Please restate each line of the data below exactly. Omit all images.

━━━━━ DATASET RECORDS ━━━━━

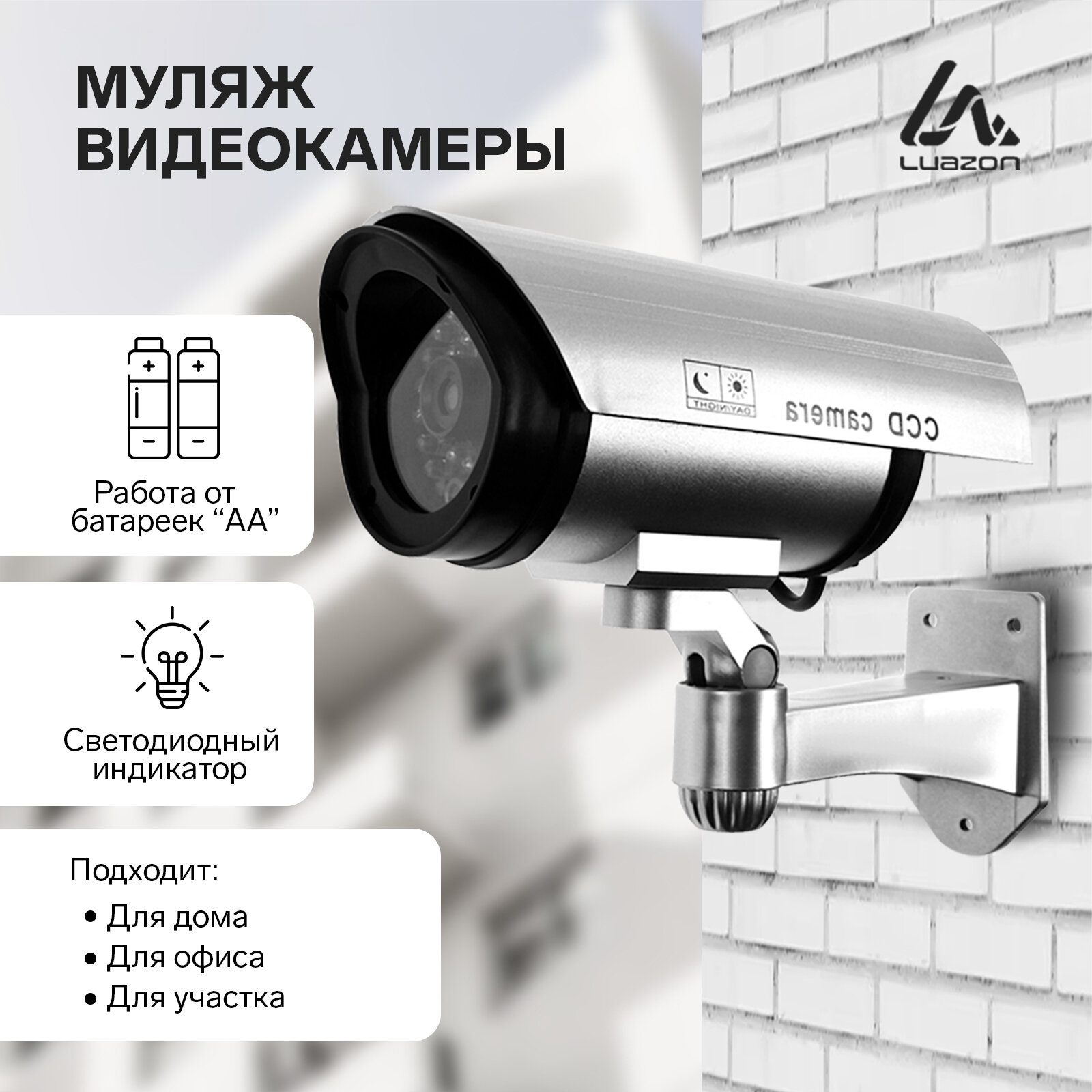 Luazon Home Муляж уличной видеокамеры LuazON VM-2, с индикатором, 2хАА (не в компл.), серый
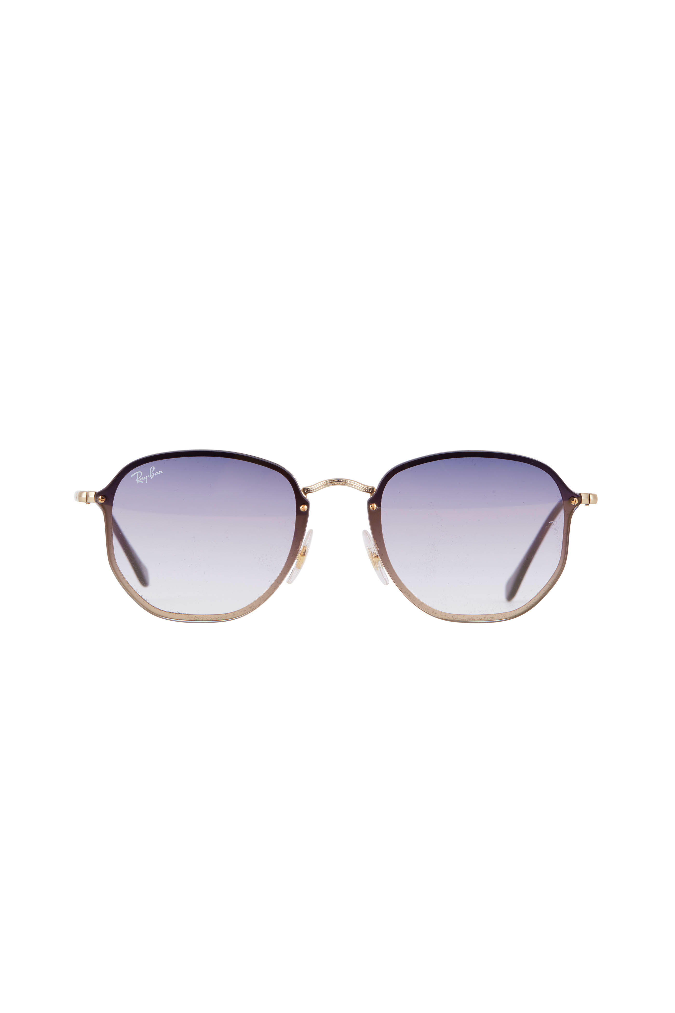 Frame material: Metal. Frame color: Gold. Lens color: Violet blue. Made in Italy.
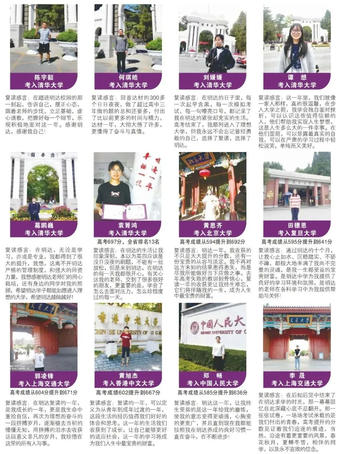 明达高复会持续变革教育理念、备考方略和培养模式,营造独特的高复教育体验,使每个孩子在明达不仅能收获卓越的成绩,更能练就终身受益的技能,真正达成“明达一年,幸福一生”的期望,助力青年自立自强,培育未来的社会栋梁。
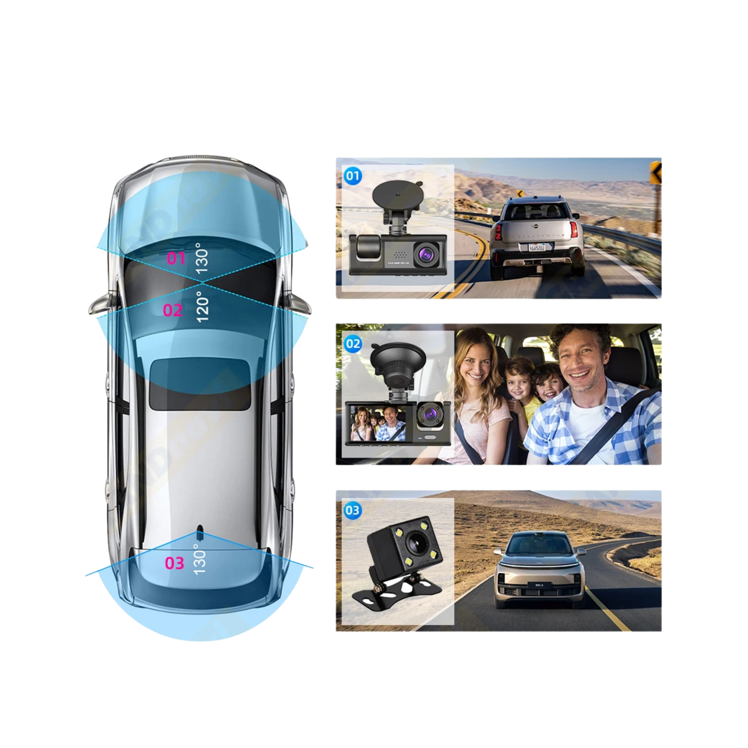 - Kompleksowa ochrona: Trzy soczewki zapewniają pełne bezpieczeństwo, rejestrując każdą sytuację na drodze.
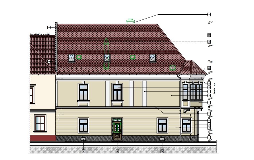 Győr belvárosának közvetlen közelében, a Bercsényi liget és a Rába folyó ölelésében található ez a műemléki védelem alatt álló, elegáns és harmonikus megjelenésű épület. A Kossuth Lajos utca és a Burcsellás köz sarkán elhelyezkedő, nyeregtetős, kétemeletes lakóház történelmi karakterét megőrizve biztosít kiváló lehetőséget a modern városi életstílushoz.
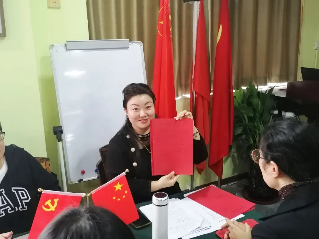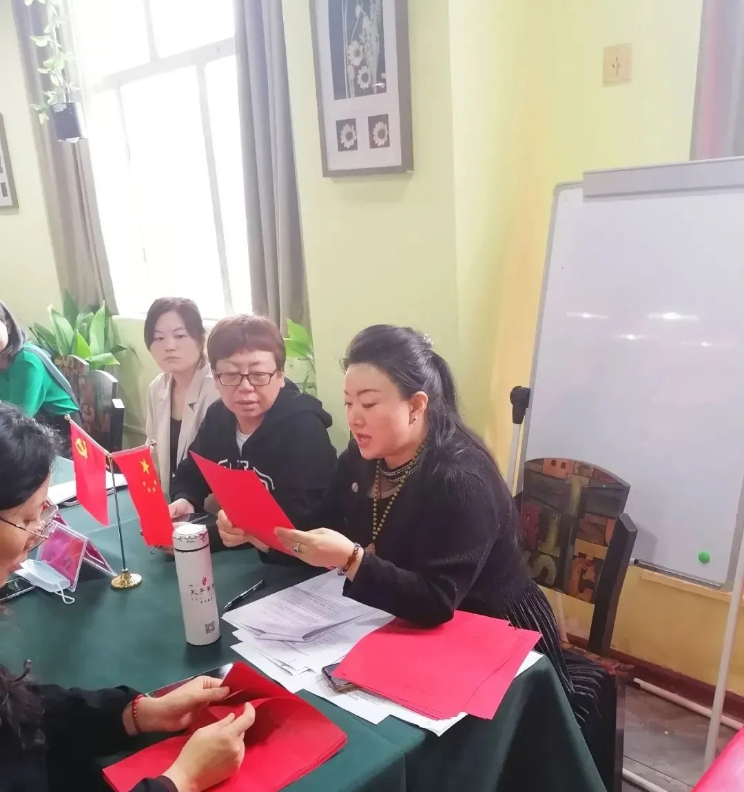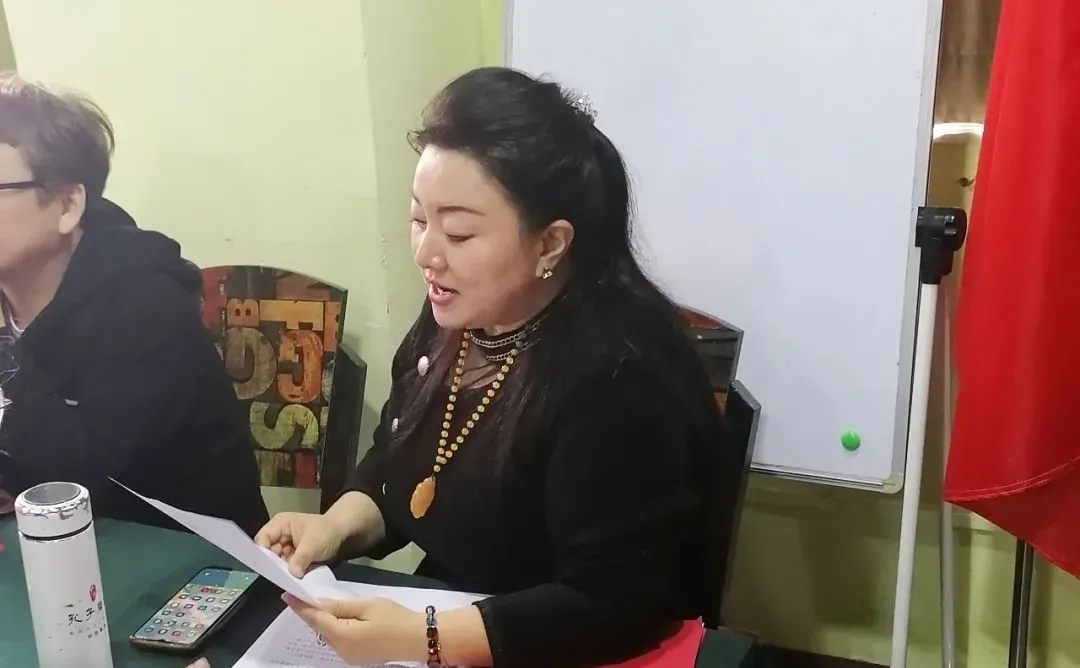 中原区林山寨街道妇联主席王林琰宣读林山寨党工委、妇联关于成立河南宏恩教育科技有限公司妇女联合会的批复。
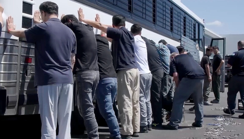 美国执法部门公布的视频显示,大批执法车辆开往在建工厂,外国工人被要求在工厂外排成长队。部分工人被要求将双手放在大巴车上,以便执法人员搜身并给工人戴上镣铐。
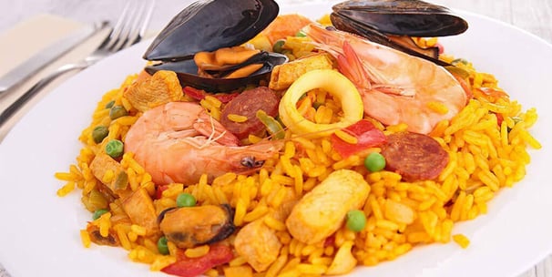 Arroz al estilo norteño con filetes de pescado y mariscos al grill. Acompañado de salsa criolla y crema de ají amarillo.
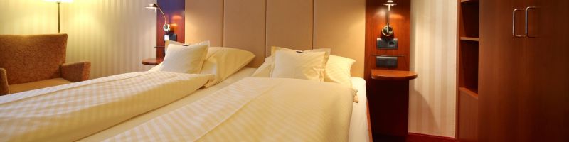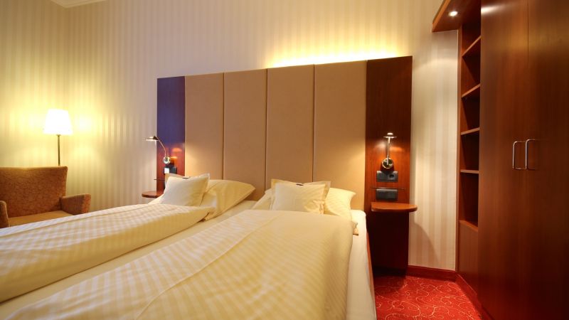 Die liebevoll gestalteten Doppelzimmer, mit warmen  Tönen und Kirschholzmöbeln laden zum verweilen ein. Die Zimmer sind ausgestattet mit Doppelbetten, Kleiderschrank, Garderobe, Spiegel, Flachbildschirm, Radio, Bad mit Dusche/WC und Telefon.
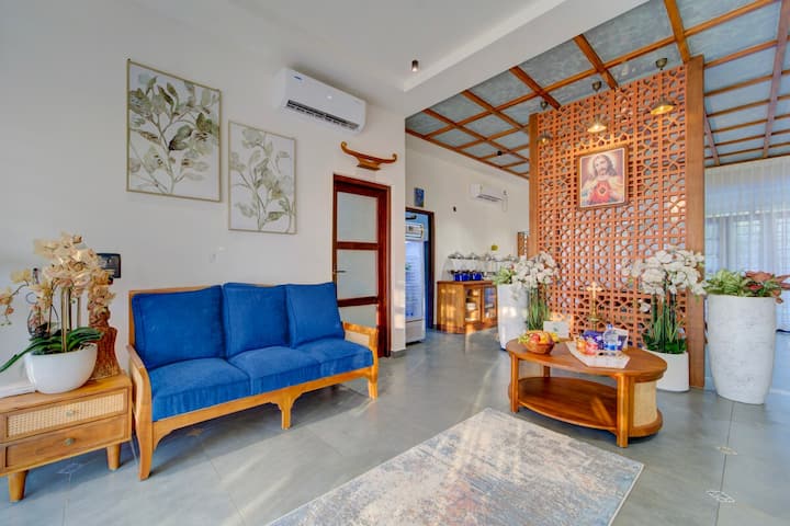 Toto odľahlé vidiecke útočisko, ukryté hlboko v otvorených poliach, ponúka pomalé dýchanie a tichú ľahkosť. Tri útulné spálne s 180-stupňovým výhľadom na zlatú poľnohospodársku pôdu a mäkké ranné svetlo. Privíta vás veranda s kachľovou strechou, lampami, drevenými lavičkami a kvetináčmi plnými zelene. Dve kuchyne – vnútorná a vonkajšia – lákajú na varenie pod holým nebom. Na dvore sú liatinové lavice, hojdačky, kútik s Budhom a príjemné ohnisko. Tu sa každá pauza zdá byť pomalšia a každý výhľad vás pozýva k hlbšiemu a tichšiemu dychu. Pokoj.
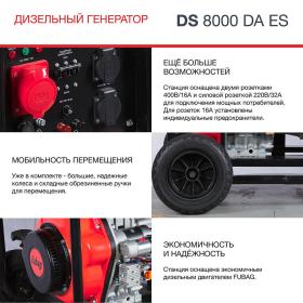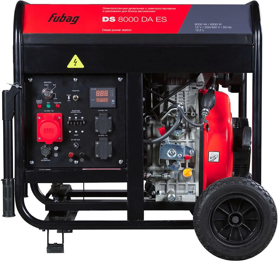 Генератор дизельный Fubag DS 8000 DA ES (646236)Дизельный трёхфазный генератор с экономичным двигателем, электростартером и возможностью подключения блока автоматики. Подходит в качестве источника питания оборудования высокой мощности на стройплощадках или в загородном доме. Наличие предпусковой системы подогрева воздуха облегчает запуск при отрицательных температурах. Топливный бак 12,5 л обеспечивает непрерывную работу без дозаправки в течение 8 часов при 75% нагрузке. Электростартер позволяет быстро запустить дизельный двигатель. Колёса и ручки в комплекте гарантируют удобную транспортировку.Комплектация- Генератор- 1 вилка 250V/16A- 1 вилка 400V/13A- Ключи 8-10, 14-17, 13-16- Транспортировочный набор колёс и ручек- Топливная воронка- Ключ- Кабели для зарядки аккумулятора- Инструкция по эксплуатацииВнешний вид и/или характеристики товара могут быть изменены производителем в соответствии с производственным процессом.
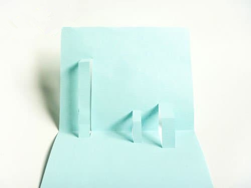 将已经划好的彩纸贴在卡纸上,就会有三条呈立体装的长条,如图所示。
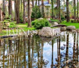 Участок лесной, ровный, правильной формы, с ландшафтными работами: газон, дорожки, освещение, пруд, декоративные насаждения.
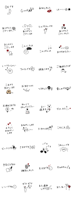 大人女子でも使いやすいシンプルにまとめたスタンプです。シンプルだけどお洒落。普段に毎日使えます。お洒落ママにも。省スペースで大人。敬語。
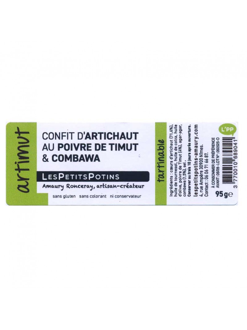 Ingrédients : fonds d’artichauts (71,6%), huile de tournesol, huile d’olive, poivre de Timut (4%), agar-agar, combawa (1,5%), sel.
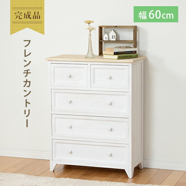 ご購入前に必ずにて商品の詳細をご確認下さい。また、商品に関して何かご不明な点は下記までお問い合せ下さい。萩原株式会社 スリーアイ本部086-523-4560※メーカーのサポート体制は予告無く変更・終了する場合がございます。※当商品は代金引換をご利用頂く事が出来ません。買い物かごのお支払方法にて代金引換をお選び頂かない様お願い申し上げます。 シャビーホワイトの本体にアンティーク調ナチュラルな天板が映えるシンプルワイドチェスト■上段には幅24cmの引出しが2杯、下段には幅51cmの引出しが3杯、合計5杯の引出し付き ■2種類の引き出しがお片付けをサポート。どちらも深さが13cmあるので、見た目以上に収納力◎ ■アンティーク加工を施したナチュラル天板 ■コロンと可愛い取っ手 ■お洒落なサイドライン ■脚はスッキリと斜めカット ■木目を生かしたアンティーク加工 アンティーク風塗装を表現するため 塗装の濃淡・かすれのある塗装を行っております。 職人が一品一品手作業で行うため 塗装には個体差があります。 また表面を研磨する際の白い粉が残る場合があります その場合、固く絞った濡れタオルなどで拭き取ってからご使用下さい ◇サイズ:(約)幅60×奥行31×高さ76cm ◇主材:桐材 ◇生産地:中国製
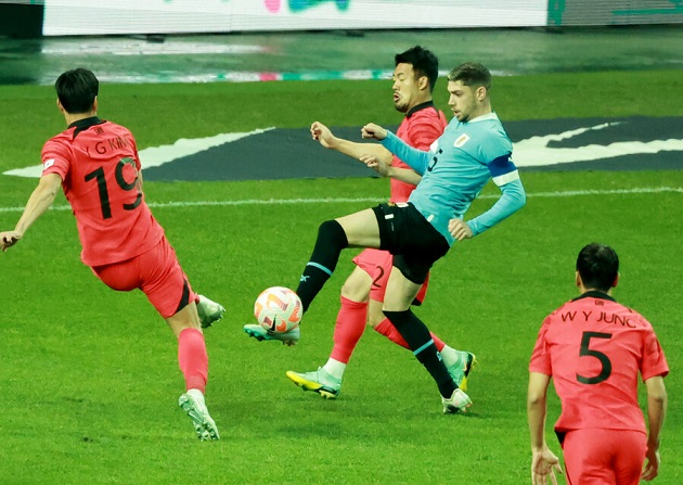 Tối nay, Hàn Quốc gặp một đại diện Nam Mỹ khác là Uruguay. Nhưng lần này đội chủ nhà đã không có khởi đầu thuận lợi nữa. Họ thủng lưới ở phút thứ 10. Fede Valverde thực hiện quả phạt góc, bóng hướng đến chỗ Sebastian Coates và Uruguay có bàn mở tỷ số.
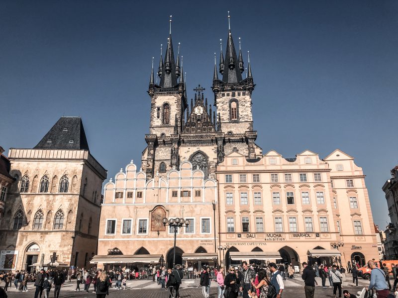 Украшает площадь Тынский храм или храм Девы Марии, который оформлен в готичестком стиле с барочными элементами.
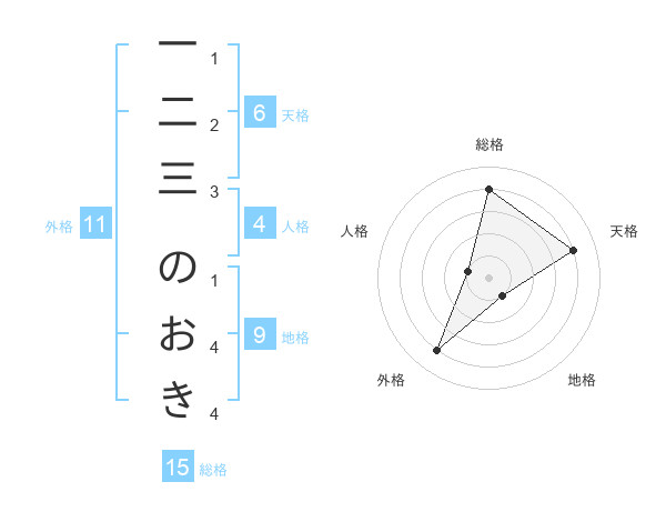 一二三 のおきさんの外格は11画の4点!
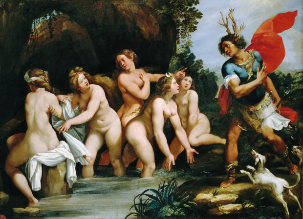 Die Erzählung über den dramatischen Tod Aktaions, deren bekannteste Version von Ovid stammt, faszinierte zahlreiche berühmte Maler. Der Sagenheld sucht während der Jagd einen ruhigen Platz zum Ausruhen und ertappt dabei versehentlich Artemis (bzw. in der römischen Mythologie Diana), die Göttin der Jungfräulichkeit, beim Baden. Beschämt darüber, von Aktaion nackt gesehen zu werden, verwandelt Artemis den unerwünschten Eindringling in einen Hirsch, der anschließend von seinen eigenen Jagdhunden zerfleischt wird.
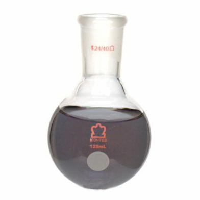 Round Bottom Flask, 125 ml, 65 mm OD Body, Borosilicate Glass, 24/40 Standard Taper Joint, Single Standard Taper Neck, Heavy Wall

━━━━━

EXPECTED OUTPUT
 Luazon Home Муляж уличной видеокамеры LuazON VM-2, с индикатором, 2хАА (не в компл.), серый
 Frame material: Metal. Frame color: Gold. Lens color: Violet blue. Made in Italy.
 明达高复会持续变革教育理念、备考方略和培养模式,营造独特的高复教育体验,使每个孩子在明达不仅能收获卓越的成绩,更能练就终身受益的技能,真正达成“明达一年,幸福一生”的期望,助力青年自立自强,培育未来的社会栋梁。
 - Kompleksowa ochrona: Trzy soczewki zapewniają pełne bezpieczeństwo, rejestrując każdą sytuację na drodze.
 Győr belvárosának közvetlen közelében, a Bercsényi liget és a Rába folyó ölelésében található ez a műemléki védelem alatt álló, elegáns és harmonikus megjelenésű épület. A Kossuth Lajos utca és a Burcsellás köz sarkán elhelyezkedő, nyeregtetős, kétemeletes lakóház történelmi karakterét megőrizve biztosít kiváló lehetőséget a modern városi életstílushoz.
 中原区林山寨街道妇联主席王林琰宣读林山寨党工委、妇联关于成立河南宏恩教育科技有限公司妇女联合会的批复。
 美国执法部门公布的视频显示,大批执法车辆开往在建工厂,外国工人被要求在工厂外排成长队。部分工人被要求将双手放在大巴车上,以便执法人员搜身并给工人戴上镣铐。
 Arroz al estilo norteño con filetes de pescado y mariscos al grill. Acompañado de salsa criolla y crema de ají amarillo.
 Die liebevoll gestalteten Doppelzimmer, mit warmen  Tönen und Kirschholzmöbeln laden zum verweilen ein. Die Zimmer sind ausgestattet mit Doppelbetten, Kleiderschrank, Garderobe, Spiegel, Flachbildschirm, Radio, Bad mit Dusche/WC und Telefon.
 Toto odľahlé vidiecke útočisko, ukryté hlboko v otvorených poliach, ponúka pomalé dýchanie a tichú ľahkosť. Tri útulné spálne s 180-stupňovým výhľadom na zlatú poľnohospodársku pôdu a mäkké ranné svetlo. Privíta vás veranda s kachľovou strechou, lampami, drevenými lavičkami a kvetináčmi plnými zelene. Dve kuchyne – vnútorná a vonkajšia – lákajú na varenie pod holým nebom. Na dvore sú liatinové lavice, hojdačky, kútik s Budhom a príjemné ohnisko. Tu sa každá pauza zdá byť pomalšia a každý výhľad vás pozýva k hlbšiemu a tichšiemu dychu. Pokoj.
 Генератор дизельный Fubag DS 8000 DA ES (646236)Дизельный трёхфазный генератор с экономичным двигателем, электростартером и возможностью подключения блока автоматики. Подходит в качестве источника питания оборудования высокой мощности на стройплощадках или в загородном доме. Наличие предпусковой системы подогрева воздуха облегчает запуск при отрицательных температурах. Топливный бак 12,5 л обеспечивает непрерывную работу без дозаправки в течение 8 часов при 75% нагрузке. Электростартер позволяет быстро запустить дизельный двигатель. Колёса и ручки в комплекте гарантируют удобную транспортировку.Комплектация- Генератор- 1 вилка 250V/16A- 1 вилка 400V/13A- Ключи 8-10, 14-17, 13-16- Транспортировочный набор колёс и ручек- Топливная воронка- Ключ- Кабели для зарядки аккумулятора- Инструкция по эксплуатацииВнешний вид и/или характеристики товара могут быть изменены производителем в соответствии с производственным процессом.
 将已经划好的彩纸贴在卡纸上,就会有三条呈立体装的长条,如图所示。
 Участок лесной, ровный, правильной формы, с ландшафтными работами: газон, дорожки, освещение, пруд, декоративные насаждения.
 大人女子でも使いやすいシンプルにまとめたスタンプです。シンプルだけどお洒落。普段に毎日使えます。お洒落ママにも。省スペースで大人。敬語。
 Ingrédients : fonds d’artichauts (71,6%), huile de tournesol, huile d’olive, poivre de Timut (4%), agar-agar, combawa (1,5%), sel.
 ご購入前に必ずにて商品の詳細をご確認下さい。また、商品に関して何かご不明な点は下記までお問い合せ下さい。萩原株式会社 スリーアイ本部086-523-4560※メーカーのサポート体制は予告無く変更・終了する場合がございます。※当商品は代金引換をご利用頂く事が出来ません。買い物かごのお支払方法にて代金引換をお選び頂かない様お願い申し上げます。 シャビーホワイトの本体にアンティーク調ナチュラルな天板が映えるシンプルワイドチェスト■上段には幅24cmの引出しが2杯、下段には幅51cmの引出しが3杯、合計5杯の引出し付き ■2種類の引き出しがお片付けをサポート。どちらも深さが13cmあるので、見た目以上に収納力◎ ■アンティーク加工を施したナチュラル天板 ■コロンと可愛い取っ手 ■お洒落なサイドライン ■脚はスッキリと斜めカット ■木目を生かしたアンティーク加工 アンティーク風塗装を表現するため 塗装の濃淡・かすれのある塗装を行っております。 職人が一品一品手作業で行うため 塗装には個体差があります。 また表面を研磨する際の白い粉が残る場合があります その場合、固く絞った濡れタオルなどで拭き取ってからご使用下さい ◇サイズ:(約)幅60×奥行31×高さ76cm ◇主材:桐材 ◇生産地:中国製
 Tối nay, Hàn Quốc gặp một đại diện Nam Mỹ khác là Uruguay. Nhưng lần này đội chủ nhà đã không có khởi đầu thuận lợi nữa. Họ thủng lưới ở phút thứ 10. Fede Valverde thực hiện quả phạt góc, bóng hướng đến chỗ Sebastian Coates và Uruguay có bàn mở tỷ số.
 Украшает площадь Тынский храм или храм Девы Марии, который оформлен в готичестком стиле с барочными элементами.
 一二三 のおきさんの外格は11画の4点!
 Die Erzählung über den dramatischen Tod Aktaions, deren bekannteste Version von Ovid stammt, faszinierte zahlreiche berühmte Maler. Der Sagenheld sucht während der Jagd einen ruhigen Platz zum Ausruhen und ertappt dabei versehentlich Artemis (bzw. in der römischen Mythologie Diana), die Göttin der Jungfräulichkeit, beim Baden. Beschämt darüber, von Aktaion nackt gesehen zu werden, verwandelt Artemis den unerwünschten Eindringling in einen Hirsch, der anschließend von seinen eigenen Jagdhunden zerfleischt wird.
 Round Bottom Flask, 125 ml, 65 mm OD Body, Borosilicate Glass, 24/40 Standard Taper Joint, Single Standard Taper Neck, Heavy Wall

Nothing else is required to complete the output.